The line containing "Cute Dainty Heart Stud Earrings in Black" marks the end: output every line of the data up to it, and that line too, exactly as written.

Dataset entries
──────────────────────────────

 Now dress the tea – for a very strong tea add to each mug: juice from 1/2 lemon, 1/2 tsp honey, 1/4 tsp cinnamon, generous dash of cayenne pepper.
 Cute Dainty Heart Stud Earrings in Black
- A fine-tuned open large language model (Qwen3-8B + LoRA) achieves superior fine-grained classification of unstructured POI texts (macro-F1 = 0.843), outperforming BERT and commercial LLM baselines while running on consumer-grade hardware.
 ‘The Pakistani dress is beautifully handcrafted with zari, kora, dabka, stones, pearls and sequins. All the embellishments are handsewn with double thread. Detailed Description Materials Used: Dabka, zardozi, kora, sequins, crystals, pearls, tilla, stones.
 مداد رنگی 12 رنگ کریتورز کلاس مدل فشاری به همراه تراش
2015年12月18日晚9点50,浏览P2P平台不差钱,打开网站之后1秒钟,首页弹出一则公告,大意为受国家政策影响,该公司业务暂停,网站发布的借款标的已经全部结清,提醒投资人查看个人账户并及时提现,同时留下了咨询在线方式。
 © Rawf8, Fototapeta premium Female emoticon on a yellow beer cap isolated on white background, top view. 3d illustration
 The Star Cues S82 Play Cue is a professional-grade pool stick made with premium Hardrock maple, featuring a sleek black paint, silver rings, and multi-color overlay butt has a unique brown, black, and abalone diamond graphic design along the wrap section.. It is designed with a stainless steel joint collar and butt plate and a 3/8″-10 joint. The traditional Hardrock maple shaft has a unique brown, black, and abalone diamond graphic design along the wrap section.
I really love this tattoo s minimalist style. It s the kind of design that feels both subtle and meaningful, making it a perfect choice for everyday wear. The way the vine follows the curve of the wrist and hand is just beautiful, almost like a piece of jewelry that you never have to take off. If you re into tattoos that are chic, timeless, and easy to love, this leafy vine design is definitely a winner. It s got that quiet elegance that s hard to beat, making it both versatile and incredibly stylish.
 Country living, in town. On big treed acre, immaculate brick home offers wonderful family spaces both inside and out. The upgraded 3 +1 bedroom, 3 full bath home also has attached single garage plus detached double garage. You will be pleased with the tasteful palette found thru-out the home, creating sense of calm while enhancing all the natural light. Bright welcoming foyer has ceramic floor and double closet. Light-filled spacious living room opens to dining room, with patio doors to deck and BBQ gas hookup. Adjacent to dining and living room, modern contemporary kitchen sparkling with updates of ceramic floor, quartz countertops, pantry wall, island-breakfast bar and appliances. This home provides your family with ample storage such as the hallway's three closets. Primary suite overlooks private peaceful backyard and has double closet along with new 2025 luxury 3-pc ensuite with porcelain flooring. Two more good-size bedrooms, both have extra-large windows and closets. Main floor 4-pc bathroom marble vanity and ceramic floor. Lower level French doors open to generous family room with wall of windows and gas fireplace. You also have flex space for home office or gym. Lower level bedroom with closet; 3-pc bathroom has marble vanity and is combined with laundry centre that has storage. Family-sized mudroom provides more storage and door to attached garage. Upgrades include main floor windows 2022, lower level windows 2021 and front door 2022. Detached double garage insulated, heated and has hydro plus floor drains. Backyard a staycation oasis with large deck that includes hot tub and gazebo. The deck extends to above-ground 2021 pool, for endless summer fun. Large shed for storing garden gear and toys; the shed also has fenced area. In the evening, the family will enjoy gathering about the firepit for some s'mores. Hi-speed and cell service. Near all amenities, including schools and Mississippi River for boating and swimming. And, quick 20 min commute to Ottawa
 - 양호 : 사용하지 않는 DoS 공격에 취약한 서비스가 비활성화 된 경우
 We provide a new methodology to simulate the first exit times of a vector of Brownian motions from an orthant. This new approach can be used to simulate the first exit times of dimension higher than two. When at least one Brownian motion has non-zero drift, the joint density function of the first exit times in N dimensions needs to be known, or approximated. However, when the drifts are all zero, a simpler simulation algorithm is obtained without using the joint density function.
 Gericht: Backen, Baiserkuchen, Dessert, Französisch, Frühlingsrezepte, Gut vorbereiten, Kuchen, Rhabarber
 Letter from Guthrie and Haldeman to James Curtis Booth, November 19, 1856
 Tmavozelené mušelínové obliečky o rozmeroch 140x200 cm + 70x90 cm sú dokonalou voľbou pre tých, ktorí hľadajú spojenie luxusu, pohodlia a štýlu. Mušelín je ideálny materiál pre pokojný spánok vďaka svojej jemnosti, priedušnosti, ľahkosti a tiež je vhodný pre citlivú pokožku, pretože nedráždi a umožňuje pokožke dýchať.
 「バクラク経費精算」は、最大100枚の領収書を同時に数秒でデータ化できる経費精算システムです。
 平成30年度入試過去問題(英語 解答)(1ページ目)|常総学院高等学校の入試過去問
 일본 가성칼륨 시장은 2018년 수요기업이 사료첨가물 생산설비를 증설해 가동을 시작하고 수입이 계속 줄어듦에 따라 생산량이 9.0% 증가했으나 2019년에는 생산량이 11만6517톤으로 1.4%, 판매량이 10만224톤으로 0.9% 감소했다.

──────────────────────────────

- [Solution to the problem]:
 Now dress the tea – for a very strong tea add to each mug: juice from 1/2 lemon, 1/2 tsp honey, 1/4 tsp cinnamon, generous dash of cayenne pepper.
 Cute Dainty Heart Stud Earrings in Black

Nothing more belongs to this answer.